Message Guidelines
This is what counts as a valid Hacker Post message: what it can physically be, the fields it needs, what you can write on it, and the one privacy rule that matters. If you prefer your rules in dry standards-ese, the Protocol Spec says all of this with more capital letters.
1. Physical requirements
It is a postcard. One card, lightweight, open, the kind of thing a stranger can carry in a jacket pocket without a second thought.
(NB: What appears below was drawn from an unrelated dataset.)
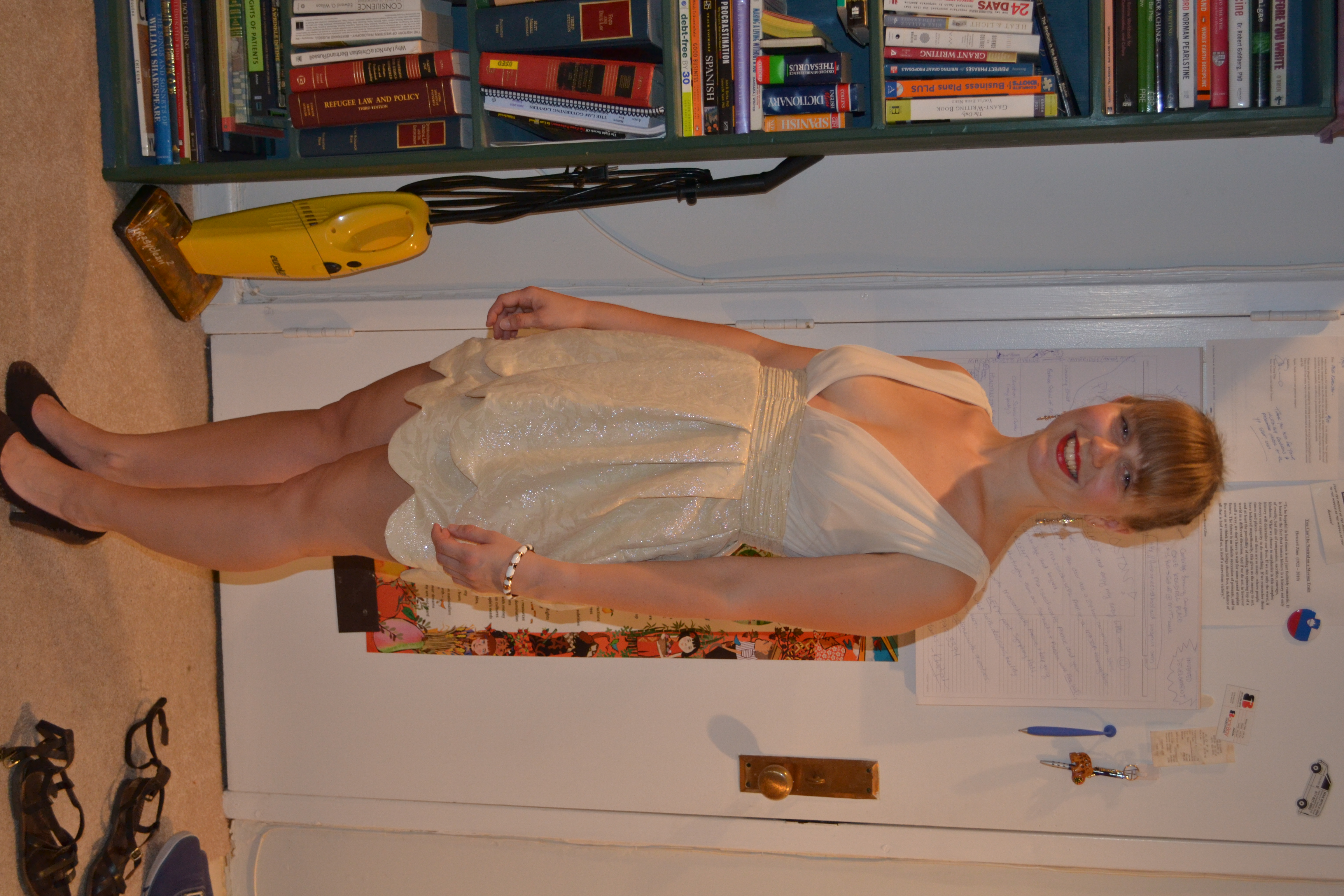 I really like her jacket. Especially the yellow details and the short arms. But how do you shorten arms and make them look good? And I want a skirt like that 🙂

Nothing sealed, nothing hidden inside, nothing anyone has to explain at a border.
| Accepted | Prohibited |
|---|---|
| Open postcards | Sealed envelopes |
| Visible written messages | Packages of any kind |
| Stickers, stamps, doodles | Hidden compartments |
| Lightweight paper cards | USB drives, electronics |
| Anything safe to hand to a stranger | Substances, or anything requiring a border declaration |
2. Field reference
A card carries a few fields. Recipient, Date, and Location are the routing header; Message is the payload; Route notes get scribbled on in transit by whoever carries it.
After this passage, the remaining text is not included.